Panyabungan| Lembaga Pemasyarakatan (Lapas) Kelas 2B Panyabungan Mandailing Natal (Madina) melakukan pemusnahan barang hasil penggeledahan tahun 2020.
Pemusnahan barang hasil Penggeledahan tersebut dilaksanakan di halaman Lapas beralamat di Jalan Syekh Abdul Muthalib Lubis nomor 11 Desa Sipapaga Panyabungan, Senin (5/10)
Pemusnahan barang terlarang untuk digunakan warga binaan tersebut turut disaksikan Kepala Lapas Kelas 2B Panyabungan Indra Kesuma, Kepala Seksi dan Pengamanan Tata Tertib (Kamtib) Hendria SH, Kepala Kesatuan Pengamanan Lembaga Pemasyarakatan (KPLP) M. Amril Hakim Lubis, Kepala Regu Pengamanan (Karupam) Murdiono dan 22 anggota pegawai Lapas Kelas 2B Panyabungan.

Kepala Lapas Kelas 2B Panyabungan Indra Kesuma mengatakan pemusnahan barang tersebut adalah hasil Penggeledahan yang didapatkan sejak awal tahun 2020.
“Barang ini adalah hasil penggeledahan pada saat razia rutin dan insidentil dimulai sejak awal tahun 2020, Namun untuk selama ini, hasil penggeledahan dimusnahkan langsung setelah koordinasi dengan Kakanwil, jadi untuk pemusnahan hari ini adalah sisa dari barang yang kita temukan.
Indra juga menerangkan di masa pandemi Covid-19 ini, kegiatan di Lapas dilaksanakan secara Daring dan dipintu masuk Lapas telah difasilitasi tempat cuci tangan.

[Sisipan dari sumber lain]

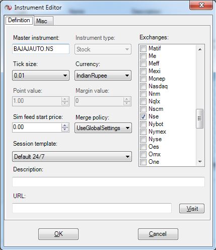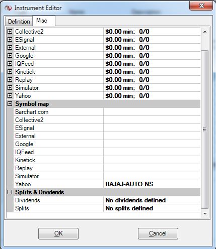 These are the symbols for NSE (India). I have tried to manually add the symbols in the Instrument Manager but it shows an error 'Error on loading chart data for 'BAJAJAUTO.NS Default': Invalid Symbol Trading in NSE'

“Semua kegiatan kita stop untuk tatap muka contohnya, di Lapas Setiap hari kita mengadakan Pembinaan mental rohani, kepribadian dan penceramah pada hari Jum’at untuk pembinaan kita undang dosen dari STAIN Madina serta dari Kantor Kementerian Agama untuk ceramah. sebelum ada pandemi Covid-19 dosen tersebut datang langsung ke Lapas namun sejak ada Pandemi pembinaan tetap kita laksanakan melalui jarak jauh (daring),
“Untuk jam besuk belum diperbolehkan, tetapi untuk menitip barang kita perbolehkan saja tapi harus ada syaratnya yaitu cuci tangan sebelum masuk dan wajib pakai masker,” terangnya
Sementara Kepala Seksi Administrasi dan Pengamanan Tata Tertib Hendria SH merincikan jumlah sisa barang penggeledahan di rumah tahanan sejak awal tahun 2020.
“Setiap minggu kita mengadakan Razia ke kamar warga binaan, setelah kita menemukan barang terlarang untuk digunakan, kita melapor ke Kalapas setelah itu Kalapas ke Kakanwil dan barang tersebut langsung kita musnahkan dengan cara di bakar,”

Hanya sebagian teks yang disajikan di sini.